Holding on to my visor, I tipped my face up toward the brightening sky, filling my lungs with the tangy salt air and feeling my ponytail tease my cheeks and the back of my neck. A large slender bird with a white chest and underwings, and a dark brown stripe at the edges, soared above us. “Look,” I said, pointing at the familiar bird.
“An osprey,” Bennett said. “When I saw that nest, I did a little research and came to the conclusion that Mabry should be thankful we’re not ospreys.”
I raised my eyebrows. “Without knowing much about ospreys, I could probably fill a page with reasons as to why she’d be thankful, but which one in particular are you thinking of?”
I could tell he was trying very hard not to smile, forcing a bored know-it-all expression to freeze his face. It was so familiar, and so “Bennett,” that I could only feel enormously grateful that things weren’t feeling odd between us anymore.

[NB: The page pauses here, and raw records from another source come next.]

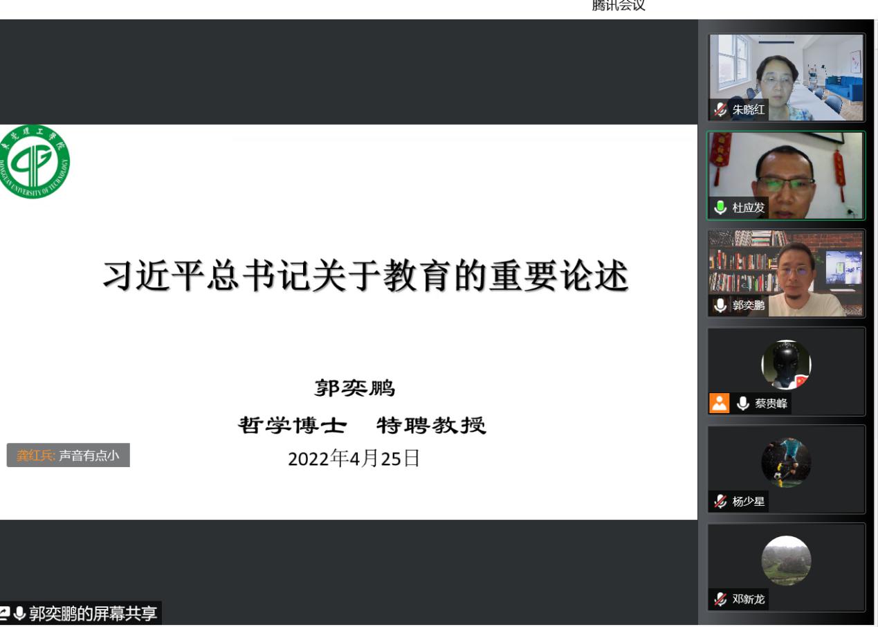 4月25日晚,法律与社会工作学院(知识产权学院)党委邀请马克思主义学院党委副书记、特聘教授郭奕鹏为学院全体教师作“习近平总书记关于教育的重要论述”的专题讲座。会议由学院党委书记杜应发主持,禁漫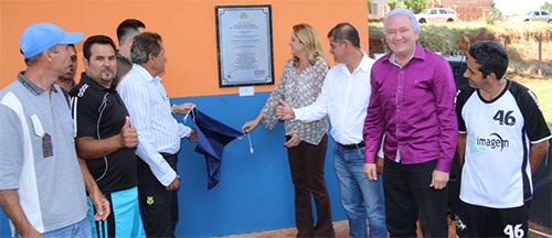 A prefeitura inaugurou neste sábado o vestiário do campo de futebol da Vila Cândida. A obra de 53,44 m2 custou R$ 74,9 mil. “Orgulhosamente entregamos este vestiário que, com certeza, é um grande beneficio para as pessoas que praticam esporte no local”, frisou a prefeita Regina Dubay. O vereador Jorge Pereira também participou. Portanto, ninguém precisa mais ir pro mato pra trocar de roupa...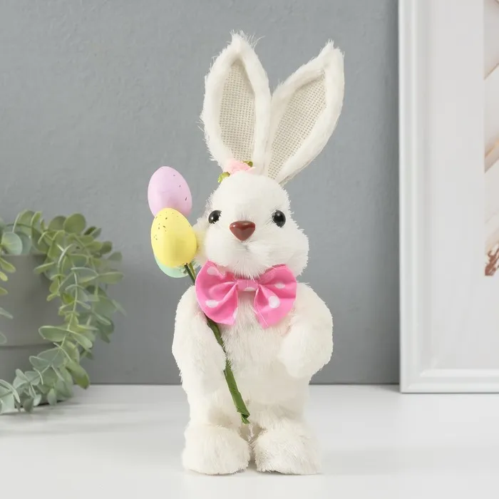 Фигурка «Белая зайка с розовым бантом и пасхальными яйцами», 12×12.5×25 см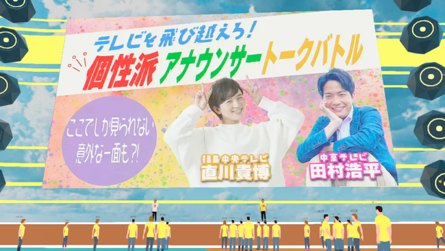同じく日本テレビ系列の福島中央テレビも「ふくしまステージ」を同空間に設立。中京テレビエリアと地続きで回遊可能な空間として、様々なステージイベントを実施しました。地元のアイドル「けっぱって東北」や、チャンネル登録者300万人超の人気動画クリエイター「HIMAWARIちゃんねる」をはじめ、人気インフルエンサーが続々登場。中京テレビ-福島テレビ 両アナウンサーのSPコラボも実施するなど、空間を越えたメタバースならではのコラボレーションを行いました。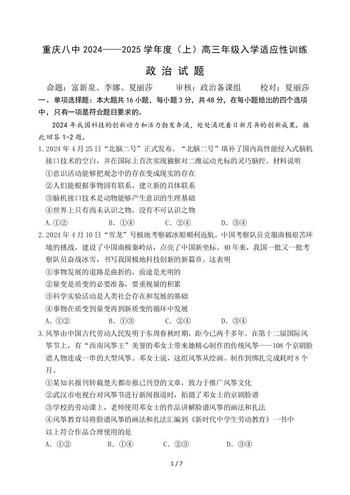 重庆市第八中学2024-2025学年高三上学期入学适应性训练 政治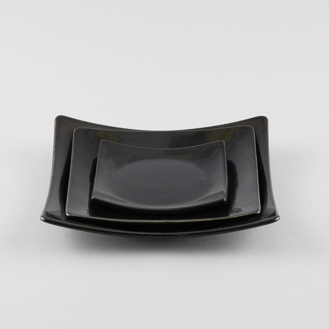 Full-Moon Sq. Plate with Raised Corners - Black (S)

“Well, since you asked, osp
rey babies don’t all hatch at the same time. There’s usually about a five-day span between the oldest one hatching and the youngest. The oldest hatchling then pretty much lords it over his or her younger siblings. If there’s plenty of food, it’s not a problem, since there’s enough to go around. But if there isn’t, the oldest one will make sure that he gets the lion’s share, and sometimes the younger ones will starve to death.”
“Nice,” I said. “Because you’re what—five minutes older than Mabry?”
“Seven.” He grinned at me, his familiar Bennett grin, and I relaxed. “And she’d better not forget it.”
We grew silent as he made his way upriver, steering through small creeks and tributaries. I’d once known these waterways like the veins on my wrists, the curves and intersections altering only with the oncoming tide and returning when the water trickled back to the ocean. It had been so long, I wasn’t sure I could navigate without losing my way, and I wondered how it had happened that I’d lost that important part of my childhood. I sat up, trying to pay attention to where Bennett was going as we passed through the black needlerush and spartina grass that rustled against the sides of the boat. We sped by tupelo trees and wide-hipped cypress draped with Spanish moss, cormorants preening on the dead branches, and it was as if I were traveling back in time to the Larkin I’d once been. A sharp twist of grief pulled at my heart. I sucked in a deep breath of marsh air, briny and moist, trying to clear my head.
I loved who I’d become. I did. Almost as much as I hated the old me. But not, I suddenly realized, all of the old me. I missed the girl who’d known these secret alleyways into the marshes and who could recognize the sounds of the different birds and open an oyster faster than anyone she knew. But I’d gotten rid of her along with the rest of me, and the grief I felt was raw and open.